Los jueces Alberto Gaig, Alberto Ortolani y Pablo Rolón, a cargo del nuevo juicio por la muerte de Maradona, mostraron, desde el primer día, una actitud resolutiva y de celeridad en la causa. Con esa postura lograron esquivar los obstáculos que hubo al comienzo del debate oral y llegar así al cuarto mes de audiencias sin interrupciones. Pero el gran desafío llegó hace dos semanas, cuando surgió un insólito problema, típico del mundo maradoneano.
Cuando el juicio parecía encausado, lejos de cualquier escándalo que lo haga tambalear y cerca del final, un abogado -Nicolás D’Albora, que defiende a la imputada Nancy Forlini- advirtió que los peritos de la Junta Médica habían analizado una serie de estudios de laboratorio que no eran del Diez, sino de su padre. El error en los documentos desató una crisis por la posibilidad real de que algunos de esos resultados alteraran las conclusiones de los expertos sobre algún aspecto de la salud de Diego, que es el eje central del caso.
Durante esas primeras 72 horas, la mayoría de los defensores analizó todo tipo de escenarios, incluso la nulidad de la prueba, que es una de las más importantes que tiene la fiscalía contra los acusados. Al mismo tiempo, los querellantes admitieron estar enojados y discutieron sobre quién tenía la responsabilidad de que esos documentos estén en el expediente. Ambas partes definieron el episodio como un escándalo y un papelón. Mientras, los fiscales aseguraban que el conflicto se podía resolver sin llegar a ningún extremo.

La situación se tornó incómoda por esas horas. La audiencia siguiente quedó invadida por un clima de tensión, de todos contra todos. La fiscalía acusó a Nicolás D’Albora de saber de este error desde el comienzo y no advertirlo apropósito. El letrado, por otro lado, explicó que lo expuso apenas lo notó para evitar que se descubra tras la resolución de los jueces al final del proceso. También se habló de una operación mediática.
El tribunal, sin embargo, puso paños fríos a la situación y se limitó a resolver. Así, ordenó registrar la sede central de Swiss Medical y del sanatorio Los Arcos de Palermo -donde Don Diego se había realizado los estudios que se traspapelaron en la causa- y recuperaron los archivos correctos.

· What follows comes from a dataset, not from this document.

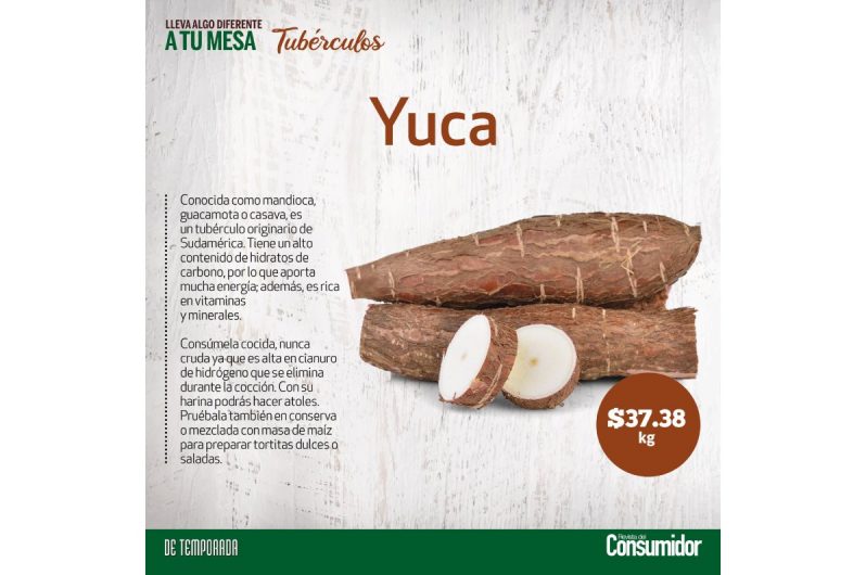Este superalimento, conocido en México como guacamote, recibe el nombre tradicional de yuca. Foto: Revista del Consumidor

En esos procedimientos, la prepaga aportó un escrito donde explicó que la confusión fue un “error involuntario”. El episodio, no obstante, se investiga en una causa paralela que tramita en la UFI N°1 de San Isidro, cuya apertura también fue ordenada por los jueces.
Ya con la nueva prueba en mano, los jueces dieron lugar a una propuesta reparadora de la fiscalía: volver a citar a los peritos que ya habían declarado para que ratifiquen sus informes o expliquen qué cambios harían con los nuevos resultados. Algunos defensores se opusieron, pero el tribunal no dio lugar.
El diario del lunes le dio la razón a los fiscales, que desde el comienzo de la nueva crisis dijeron que el conflicto era fácilmente reversible. Es que, de la totalidad de los estudios de Don Diego incorporados al expediente, se constató que solo se tuvieron en cuenta unos ocho en la Junta Médica.

Además, el nefrólogo y el cardiólogo que ya habían prestado declaración, volvieron a los tribunales de San Isidro y aseguraron que los nuevos resultados no alteraban sus conclusiones: ratificaron, entre otras cosas, que Diego Maradona tenía síndrome cardiohepatorrenal y una enfermedad renal crónica.
Esta semana continuarán declarando los otros peritos que participaron de la pericia. En total faltan cinco expertos. Cuando finalicen sus testimoniales, el juicio seguirá con la declaración de los testigos de las querellas y las defensas.